What to produce: The data must be given again exactly as written, with all images omitted.
Given data Block Start
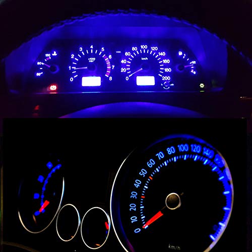 Ogni lampadina ha un singolo chip LED 3030 3SMD che garantisce un'elevata emissione luminosa e una maggiore durata. Tensione di funzionamento: 12 V, dimensioni: 1,7 x 0,5 cm, colore: blu.
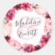 Sticker Rond Mariage de monogramme de couronne florale rose vif
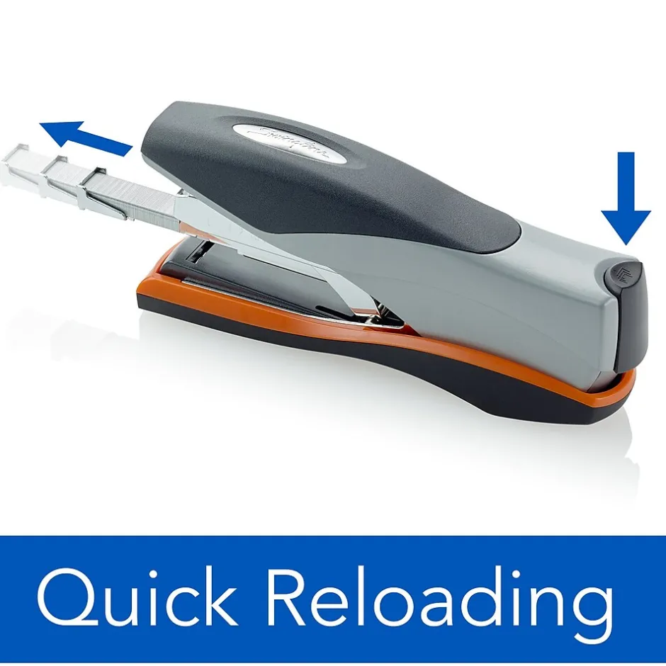 Fill this stapler quickly and easily using the QuickLoad magazine. With a capacity for 210 staples, this stapler lets you create hundreds of packets before refilling. The ergonomic construction provides a comfortable grip, and the reduced-effort design makes operation easy. This Swingline Optima 40 desk stapler produces a staple flat on the back of documents so your bundles are neat.
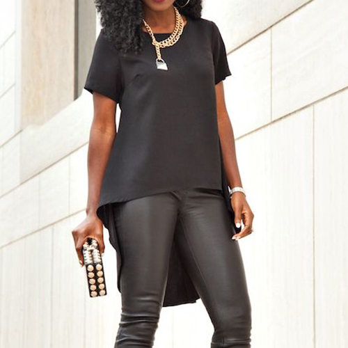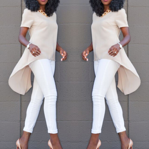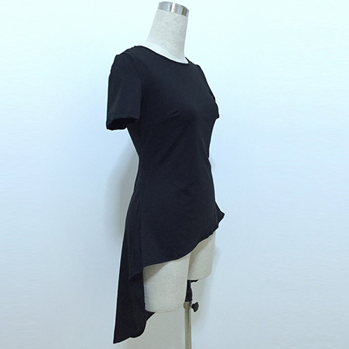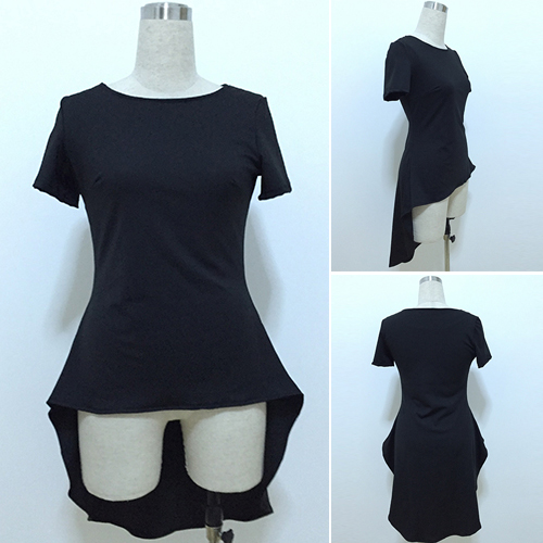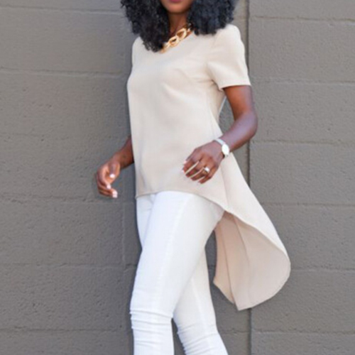 short sleeves. But since this t-shirt is also styled with a dovetail hem, it looks fashion and stylish.
Given data Block End
Exercise result:
 Ogni lampadina ha un singolo chip LED 3030 3SMD che garantisce un'elevata emissione luminosa e una maggiore durata. Tensione di funzionamento: 12 V, dimensioni: 1,7 x 0,5 cm, colore: blu.
 Sticker Rond Mariage de monogramme de couronne florale rose vif
 Fill this stapler quickly and easily using the QuickLoad magazine. With a capacity for 210 staples, this stapler lets you create hundreds of packets before refilling. The ergonomic construction provides a comfortable grip, and the reduced-effort design makes operation easy. This Swingline Optima 40 desk stapler produces a staple flat on the back of documents so your bundles are neat.
 short sleeves. But since this t-shirt is also styled with a dovetail hem, it looks fashion and stylish.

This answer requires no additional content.